Genetic polymorphisms of vitamin D3 metabolizing CYP24A1 and CYP2R1 enzymes in Turkish patients with ischemic stroke.

Objective Vitamin D deficiency is known as an important risk factor in pathogenesis of atherosclerosis, which contributes to stroke development. Genetic variations including single nucleotide polymorphisms (SNPs) in enzymes involved in vitamin D metabolism can affect susceptibility to the development of stroke. Therefore, the objective of this study was to investigate the association between polymorphisms of vitamin D metabolizing enzymes (rs927650 SNP in CYP24A1, and rs10741657 SNP in CYP2R1 genes,) and ischemic stroke risk in Turkish population. Materials and methods To test this hypothesis, we designed a case-control study which consisted of 256 ischemic stroke patients and 132 controls. Genotypes were determined by PCR-RFLP technique.

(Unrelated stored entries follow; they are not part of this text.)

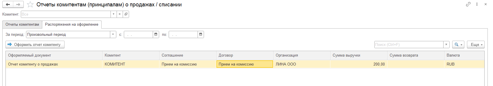 Доступно поле с выбором отбора периода для отображения, группировка проходит по виду оформляемого документа, комитенту и валюте.
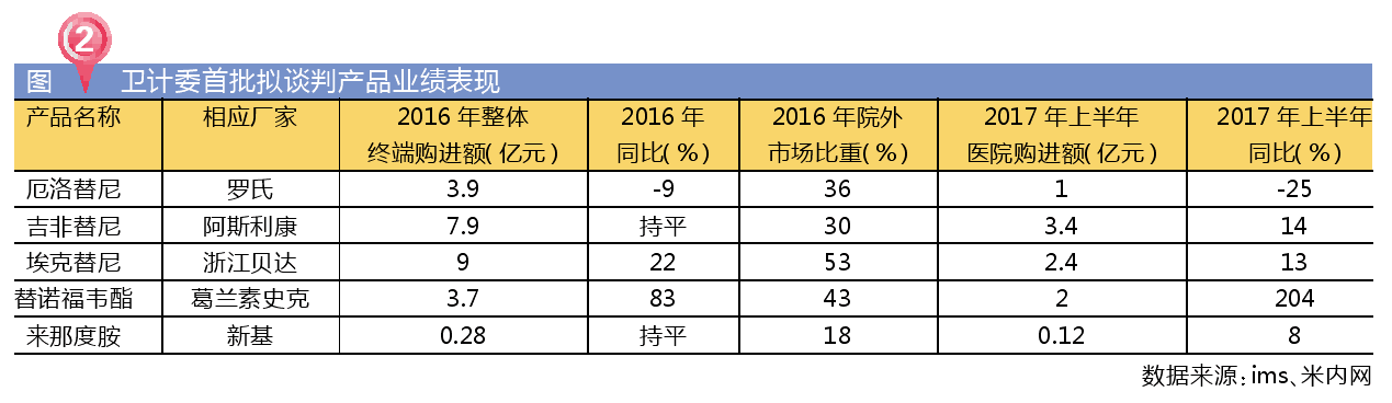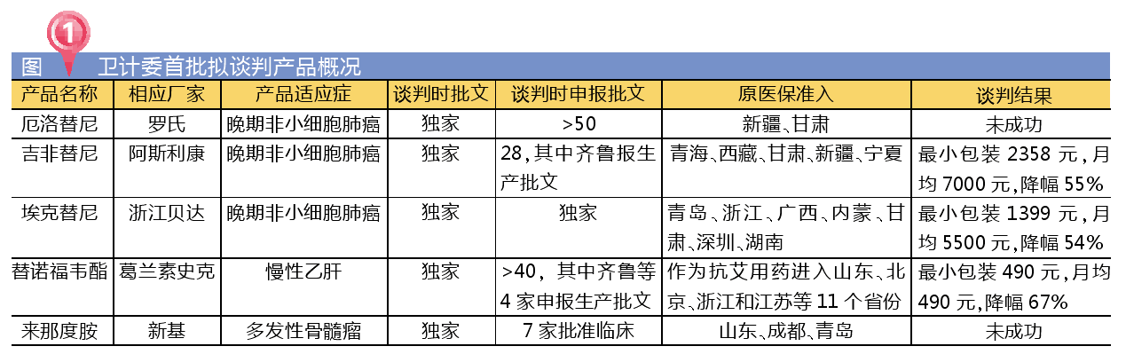 衛(wèi)計委首批擬談判5個產(chǎn)品基本情況見表1。
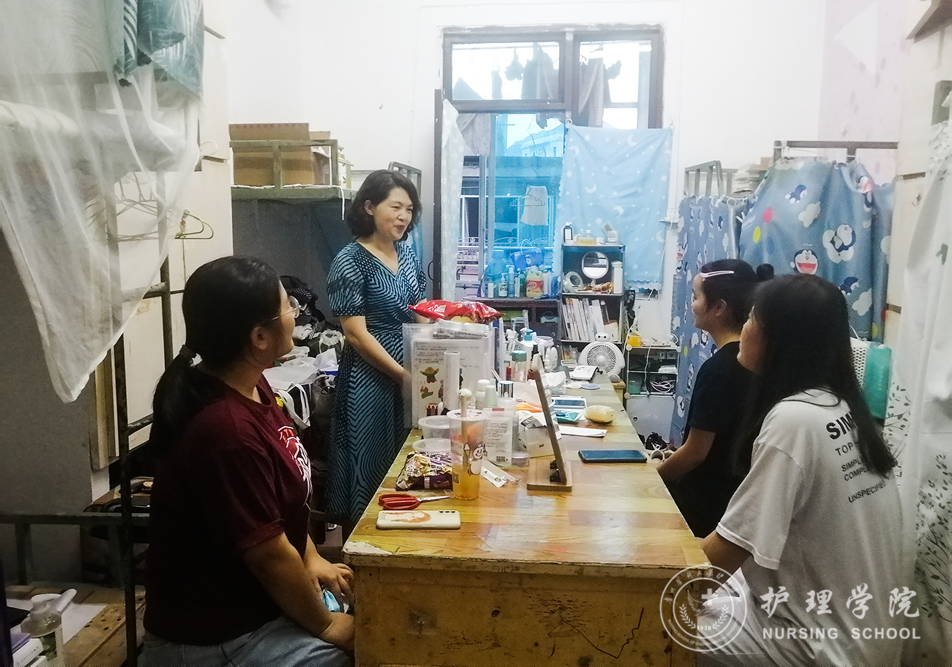 首先刘志燕和李杏春查看了楼道消防、寝室水电门窗等,对同学们进行了安全教育。接着刘志燕深入了解了同学们的实习情况,告诉同学们在实习和生活中遇到任何问题都可以主动向老师反馈,老师们会尽力为同学们分析解决问题。希望同学们认真完成实习,努力提升自身综合能力,为就业做好准备,树立“先就业再择业”及“多元化”就业观,并为同学们分析了就业方面的前景,同时鼓励同学们继续读研深造。最后刘志燕强调:一定要遵守国家和学校疫情防控规定,国庆期间,减少外出,能不出省就不出省,遵守各实习医院的假期实习管理规定。
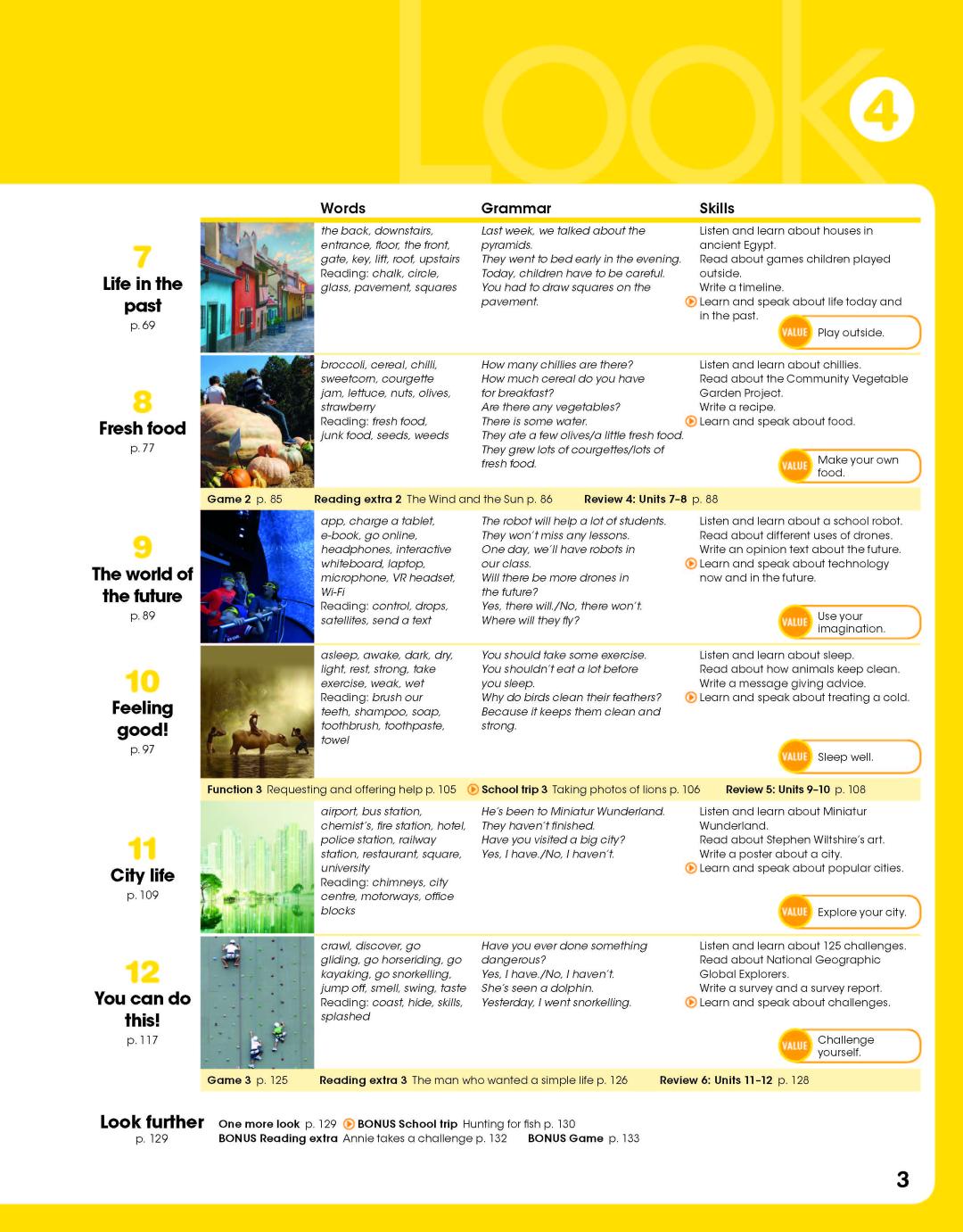 Vadovėlis „Look 4“ orientuotas į A1/A2 kalbos mokėjimo lygį ir gali būti naudojamas mokant anglų kalbos ketvirtaisiais mokymosi metais 5 klasėje.
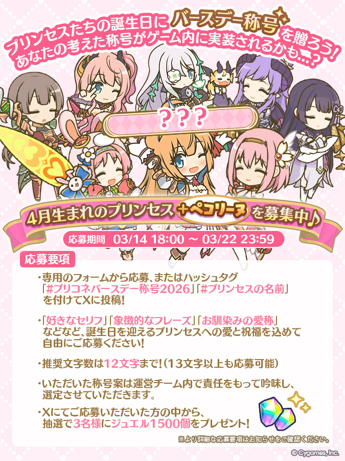 さらに、称号案をご応募いただいた方の中から抽选で3名様にジュエル1500个をプレゼン
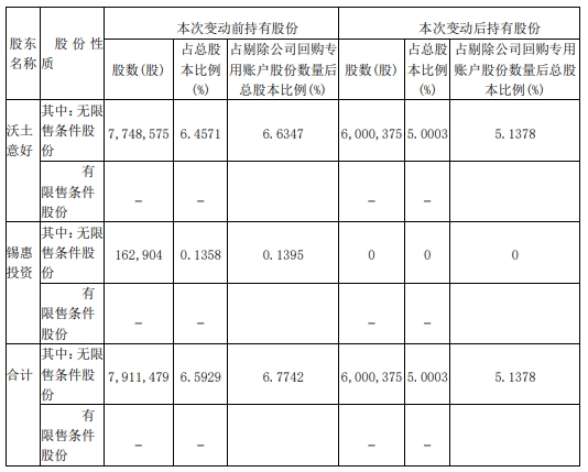 2024年10月25日至2024年12月17日,沃土意好和锡惠投资通过集中竞价交易及大宗交易方式累计减持公司股份1,911,104股,占公司总股本的1.5926%(占剔除公司回购专用账户股份数量后总股本的1.6364%)。
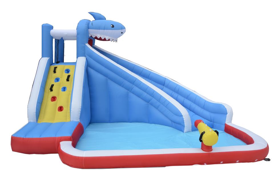 Gran oferta, tobogán acuático inflable con temática de tiburón, parque acuático para exteriores/interiores con piscina para uso doméstico y centro comercial

Results No significant differences were found between patients and controls in terms of CYP24A1 rs927650 and CYP2R1 rs10741657 genotype frequencies. Polymorphic allele frequencies of CYP24A1 rs927650 and CYP2R1 rs10741657 were 0.414 and 0.660 in stroke patients, respectively. Conclusion This is the first study conducted regarding the association of CYP24A1 rs927650 and CYP2R1 rs10741657 genetic polymorphisms and ischemic stroke risk. The polymorphic genotypes of these polymorphisms, together with hypertension, diabetes, smoking, and obesity, were found as significant risk factors for ischemic stroke.